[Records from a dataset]

=== Begin Enclosure ===

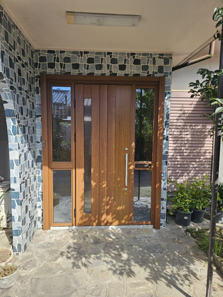 玄関ドアの老朽化に伴い、カバー工法を用いてドアを取り替えました。新しく設置したのは、YKKの「ドアリモ」手動錠タイプで、LOW-Eガラスを採用した断熱性の高い仕様です。カラーはショコラウォールナットを選び、高級感と温かみのあるデザインに仕上げました。カバー工法により短期間で施工を完了し、機能性とデザイン性を兼ね備えた玄関へとリフォームしました。
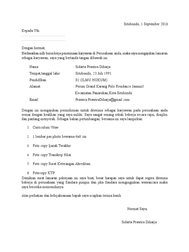 Surat Lamaran Kerja Untuk Perusahaan Yang Belum Diketahui
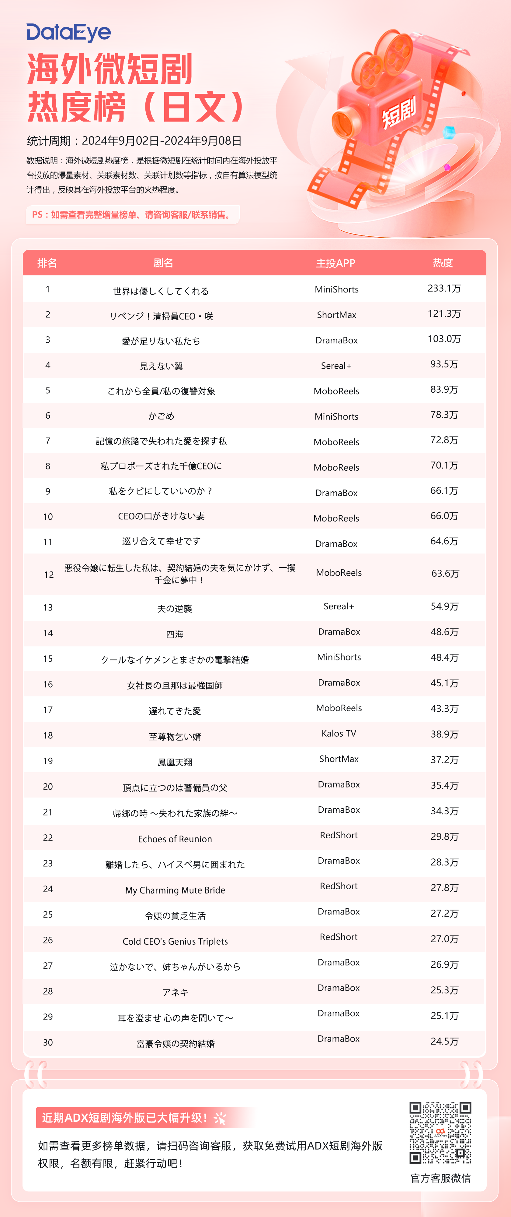 本期(9月2日-9月8日)DataEye海外短剧热度榜日文榜,《世界は優しくしてくれる》登顶,热度接近超230万;《リベンジ!清掃員CEO・咲》第二,热度超120万;《愛が足りない私たち》位居第三,热度达103万。
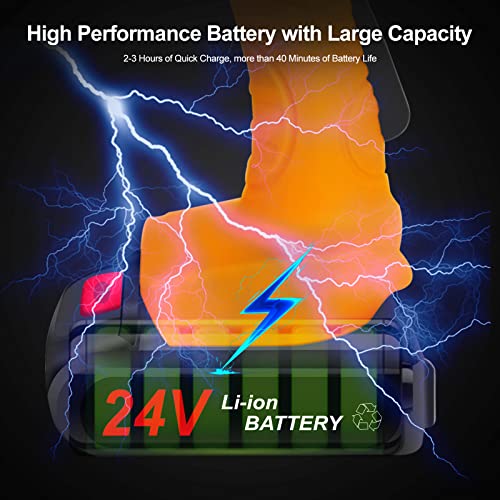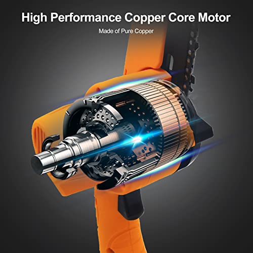 - 【Gran flexibilidad y 2 baterías grandes recargables de alto rendimiento】 Esta motosierra ligera y flexible para una mano pesa solo 1,12 kg con batería. En comparación con las motosierras convencionales y las motosierras de cable eléctrico, las ventajas son obvias. La batería tiene una vida útil prolongada con protección contra sobrecorriente / sobretemperatura / sobretensión y 2-3 horas de carga rápida para un tiempo de funcionamiento de más de 40 minutos.
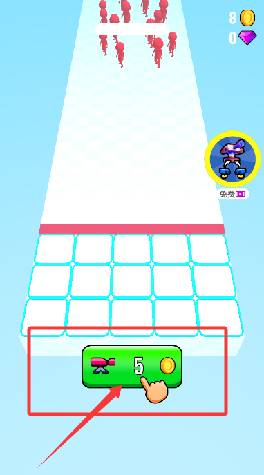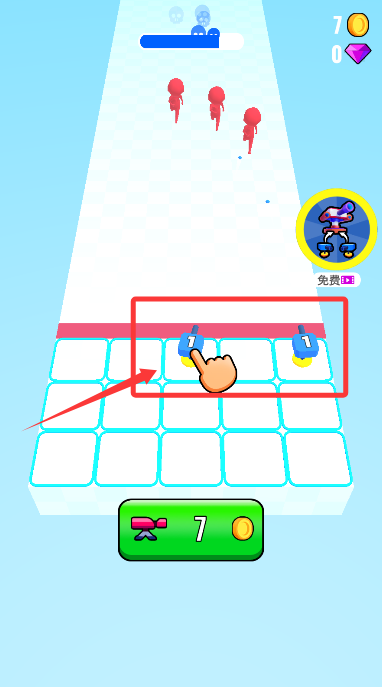 1、開局在跑道初始位置,輕觸啟動鍵消耗金幣建造首座防御塔。
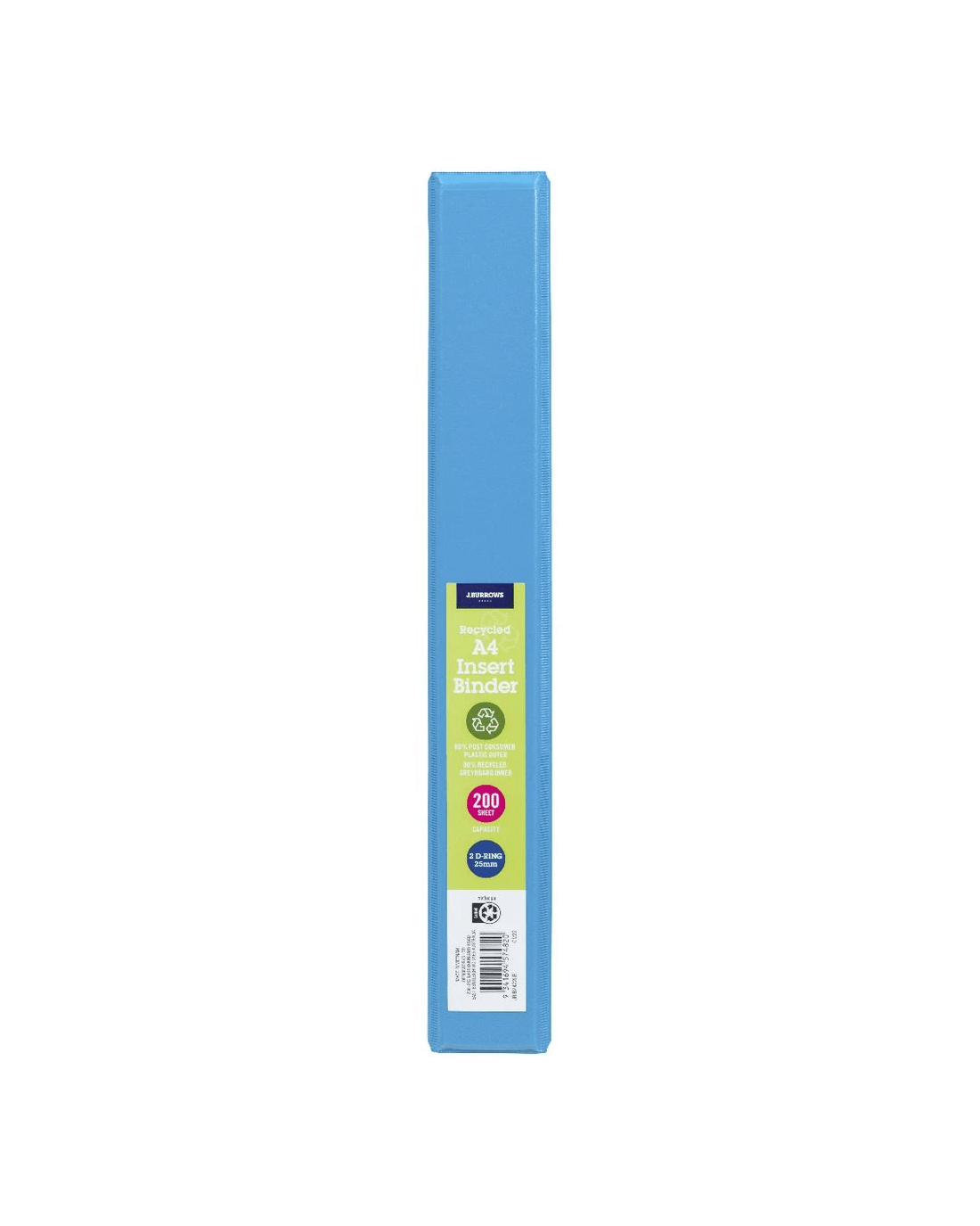 Sold by OfficeworksJ.Burrows Insert Binder A4 2 D-Ring 25mm Light Blue
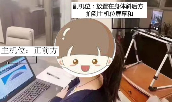 副机位:1部手机和自拍架,副机位需要安装“腾讯会议”、“钉钉”、“微信”等软件。
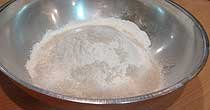مرحله 1 - آرد زا الک کرده، مایه خمیر، بهبود دهنده، نمک و شکر را اضافه کرده و مواد را با هم مخلوط کنید.
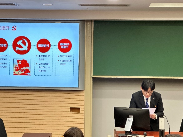大会最后,王宇伟进行总结点评。王宇伟首先肯定各位同志的精心准备与现场答辩表现。他表示,各位预备党员入党动机端正、理论学习积极,能主动关注时政新闻和社会热点问题,在学习、工作和生活等方面起到了表率作用。他同时希望,全体党员应以更高标准要求自己,坚持学思用贯通、知信行统一,锤炼政治品格,增强党性修养。一方面,要认真学习党章,严格遵守党章、贯彻党章、维护党章,不折不扣把党章各项要求落实到行动上、体现在学习和工作中;另一方面,支部要把党员发展工作作为重点内容和重要抓手,严格落实“三会一课”制度,不断推进基层党组织标准化规范化建设,坚持政治标准,严把党员发展质量关。王宇伟寄语青年党员,不忘初心,牢记使命,锐意进取,挺膺担当,发挥旗帜引领作用,争做时代的弄潮儿。
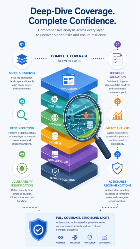 A mature network assessment validates what an adversary can really reach from the internet, not just what asset inventories claim exists. The work emphasizes exposed appliances, weak protocols, and management planes that collapse perimeter assumptions
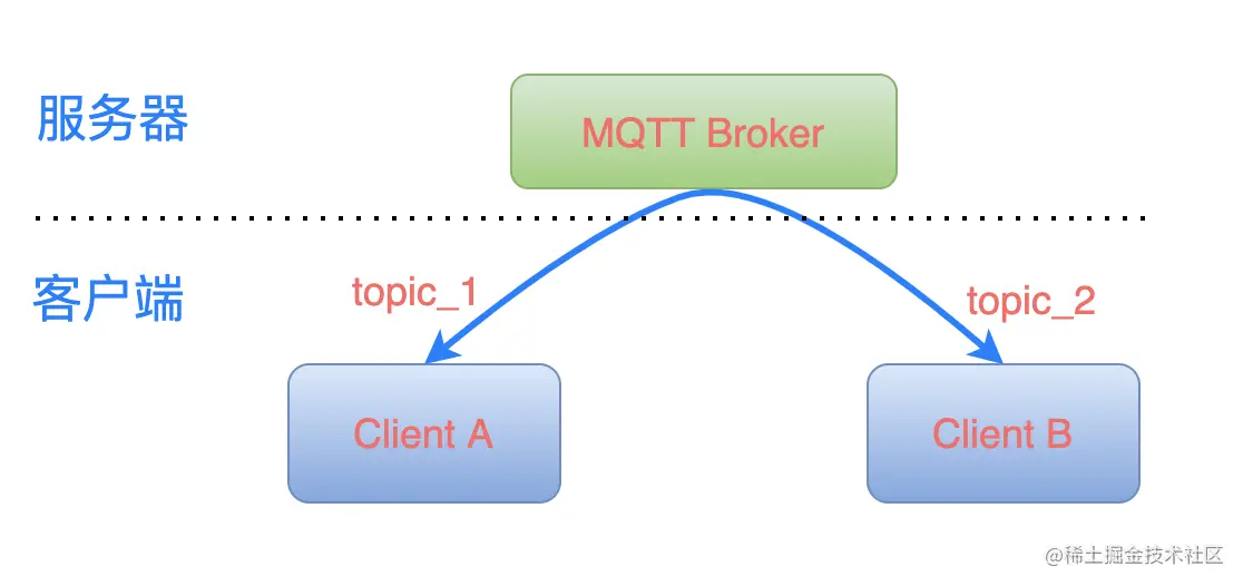 - ClientA 订阅主题 topic_1,ClientB 订阅主题 topic_2;

=== End Enclosure ===

**To do**
Exactly as they appear, please return only the lines from the first line of the records through the line containing "本期(9月2日-9月8日)D", both included, leaving out all pictures.

**Reply**
 玄関ドアの老朽化に伴い、カバー工法を用いてドアを取り替えました。新しく設置したのは、YKKの「ドアリモ」手動錠タイプで、LOW-Eガラスを採用した断熱性の高い仕様です。カラーはショコラウォールナットを選び、高級感と温かみのあるデザインに仕上げました。カバー工法により短期間で施工を完了し、機能性とデザイン性を兼ね備えた玄関へとリフォームしました。
 Surat Lamaran Kerja Untuk Perusahaan Yang Belum Diketahui
 本期(9月2日-9月8日)DataEye海外短剧热度榜日文榜,《世界は優しくしてくれる》登顶,热度接近超230万;《リベンジ!清掃員CEO・咲》第二,热度超120万;《愛が足りない私たち》位居第三,热度达103万。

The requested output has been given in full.